Okay, so I plan to get some betta fish sometime after the end of may, and I was thinking of getting a giant betta. Is there anything special I need to know before getting one? Since petco has no giant females, I want to try breeding the male with an ordinary HMPK female and purifying the males line by selective breeding, but I was just wondering if the female giants are supersized or not. And could I breed one with a normal-sized betta? Also, does anybody know where I may get some giants that aren't plakats (petco's giants are all plakats).


----------



## Chard56 (Oct 10, 2010)

*Giant Halfmoons*

I went through what you are now a couple years ago. I got Petco to order some Halfmoon King Bettas for me. I'm glad they didn't make me pay for them up front! They were just more of the big Plakats with 4 ray caudal fins at $29.95 and I'd already picked out some with better than 2 ray caudal fins from the regular $13.95 Kings. They couldn't order female Kings as it wasn't "allowed to purchase" by corporate. I did find 2 females over the course of two years by checking their King Bettas twice a week. I paired one up with a male King but he just couldn't get her turned over. They tried for two days and I finally couldn't take it and separated them. I have 2nd generation Half Kings from a Green/Red male King and a regular female. The first generation are large for a regular Betta but then all my Bettas are so I'll see what these F2 fry growout to look like. I don't think a regular sized male could wrap a Giant female, the other way around I did but even the King to King breeding attempt didn't work because she was so big. Your only other alternative that I can think of is to watch Aquabid for some Giant Halfmoons. I bred mine to a longfinned Veiltail so I don't know what the second generations finnage will be. The first generation is mostly Veiltail with some having 4 ray caudal fins and some are Plakat finnage.


----------



## Betta man (Mar 25, 2011)

I went ot my petco and had one flare! They're beautiful!!! I think they're all giant plakats at petco.


----------



## Mr. fish (Mar 8, 2011)

Betta man said:


> I went ot my petco and had one flare! They're beautiful!!! I think they're all giant plakats at petco.
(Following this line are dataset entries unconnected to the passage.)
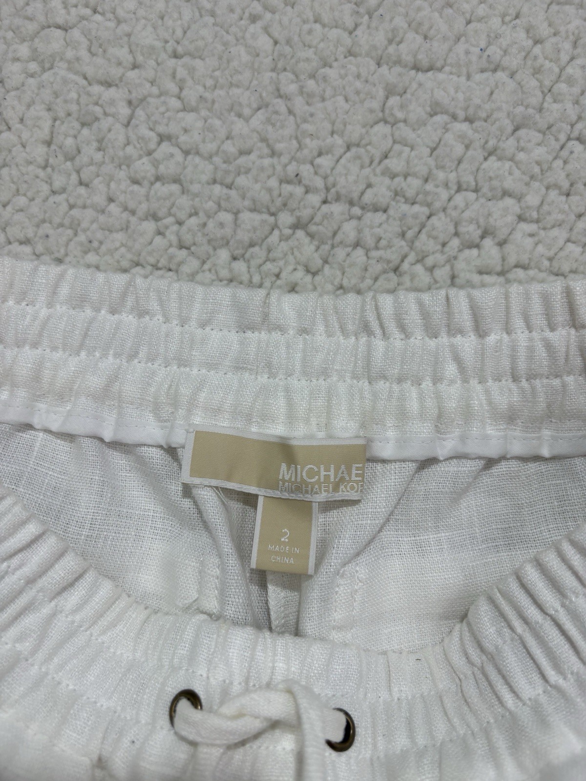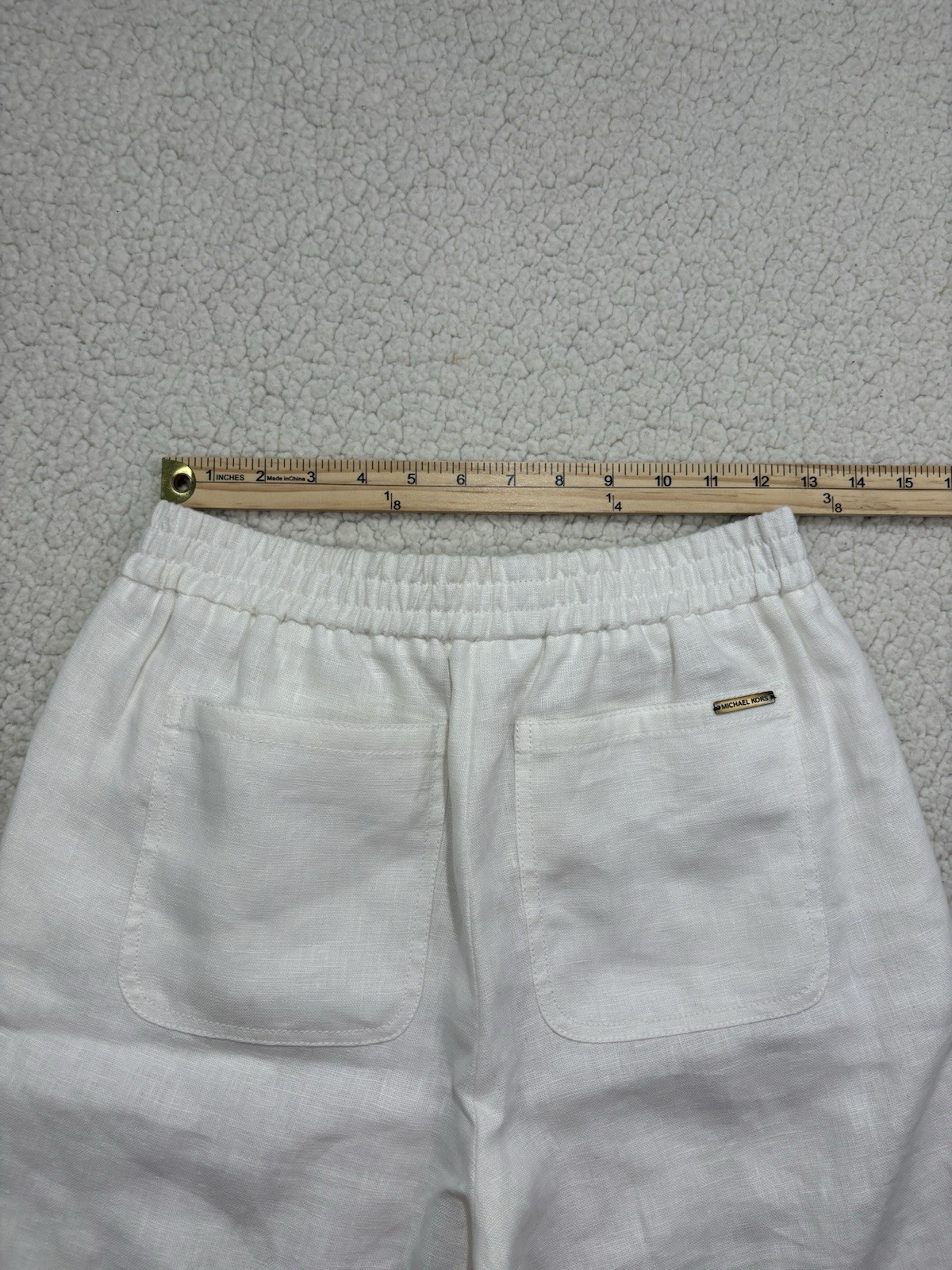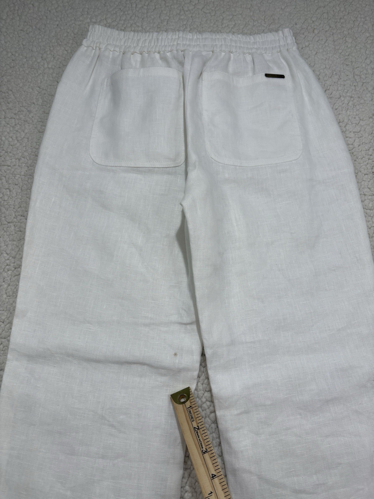 Michael Kors White 100 Linen Pants Slacks Straight Leg Womens Sz 2 Drawstring
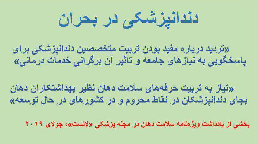 مجله لانست، از مهمترین مجلات پزشکی جهان، در شماره ژوئیه۲۰۱۹ ویژه‌نامه‌ای درباره سلامت دهان منتشر کرده است. در یکی از مقالات، نویسندگان که از شناخته شده‌ترین صاحبان کرسی‌های علوم سلامت و دندانپزشکی هستند خواستار تغییرات بنیادین در دندانپزشکی شده‌اند.
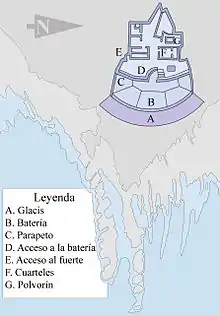 Esta fortificación formaba parte del sistema de baterías situadas en la Bahía de Algeciras creadas a partir de la pérdida de Gibraltar en 1704 con la intención de proteger la ciudad de posibles invasiones británicas y las embarcaciones que se resguardaban en el puerto. Se hallaba situado en Punta del Fraile, al sur de la Bahía de Algeciras en el Estrecho de Gibraltar.[1] Este fuerte establecía contacto visual con el Fuerte de Punta Carnero situado al norte de su posición pero no tenía contacto visual con el fuerte situado al sur el de El Tolmo encontrándose desprotegido por esta posición ante eventuales ataques. Para evitar este contratiempo este fuerte se completaba con la presencia de una torre vigía, la Torre del Fraile unos metros ladera arriba. Poseía una batería circular con una dotación artillera de dos cañones de 24 libras y tres de dieciocho.[2] Su defensa por tierra se veía favorecida por lo abrupto del terreno aunque también su construcción misma, por ello esta construcción a diferencia de otras de la zona no se encontraba abaluartada.

Most of em are... But every now and then at my Petsmart they will have some half moons.

That all black betta in your avy is nice... Thats a splenda right?


----------



## Betta man (Mar 25, 2011)

yep. crowny.


----------



## egoreise (Mar 16, 2011)

I saw a giant betta at the LFS today! And he was a halfmoon. But alas... I also spotted tuberculosis in another tank, hooked up to the same pump. So I decided to play it safe and didn't buy any fish at all.


----------



## Cichlid Man (Jan 19, 2005)

If the giant male bettas aren't much larger than the females then I see no harm in trying to breed them, although I would suggest that if you accomplish fry not to let them out into trade unless you make sure whoever you're selling them to know's they are a mixture of both types


----------